Patterson Geyer: Houser San Francisco 14-0-3 (second choice is brass Houghton H-4)

Paxman 25 AND: San Francisco 16-0-2 (second choice is Moosewood B-16Y) (This horn is on my first two solo CDs, but the mouthpiece used then feels terrible now. The high range lays so flat. I must have been so strong then …).

Mirafone Kruspe: San Francisco 14-0-2 “Bella” (because it was loaned for a long while to Bella K.) (second choice Houghton H-1 with small shank)

Kruspe: San Francisco 14-0-2 “shiny” (second choice Houghton H-1)

Other “modern” horns

I don’t have my descant at home to test (likely I stick with the Moosewood BD on that), but I do have these two.

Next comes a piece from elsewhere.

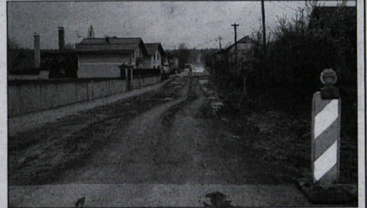
Regionalna je bolj podobna poljski poti, cesta je zaprta, obvoz je označen in urenjen.

Investicijska vrednost del je 190 milijonov SIT, od tega bo Direkcija Republike Slovenije za ceste prispevala 124 milijonov SIT, sofinancerski delež občine Brežice pa znaša 66 milijonov SIT. Suzana Vahtarič

Paxman 83L triple: Moosewood BA (this is the horn and mouthpiece used on my trio CD, Table for Three).

Alexander single Bb: Houghton H-3 E+2

Historic horns

I have a variety of historic horns that I enjoy playing on. Getting this sorted out better has made practice on them even more enjoyable. For these horns, all of which play pretty well, it makes more sense to organize by mouthpiece, as some are used on multiple horns.

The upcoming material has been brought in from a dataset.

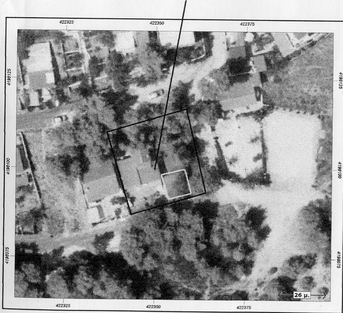
ΑΠΟΣΠΑΣΜΑ ΟΡΘΟΦΩΤΟΧΑΡΤΗ ΤΗΣ ΚΤΗΜΑΤΟΛΟΓΙΟ Α.Ε.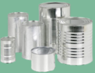
กระป๋องอะลูมิเนียม

Moosewood AD: Mirafone bell (“Kruspe”) single horn

Moosewood B-12Y: Kruspe single F and King/Gumpert model conversion

Houghton H-3 EU stainless steel: Geyer single F

Houghton H-3 brass: Kalashen single F

Seraphinoff single horn/natural horn (used on my Rescued CD): Moosewood LCG (which was the mouthpiece used on the CD)

Moosewood AL: used on all the natural horns as a nice compromise mouthpiece. Moosewood LCG is also excellent.

So there it is in granular detail! How this holds up for me over the next year, who knows. It’s helpful to me though to document this stuff periodically. Hopefully some reader out there finds it helpful as well.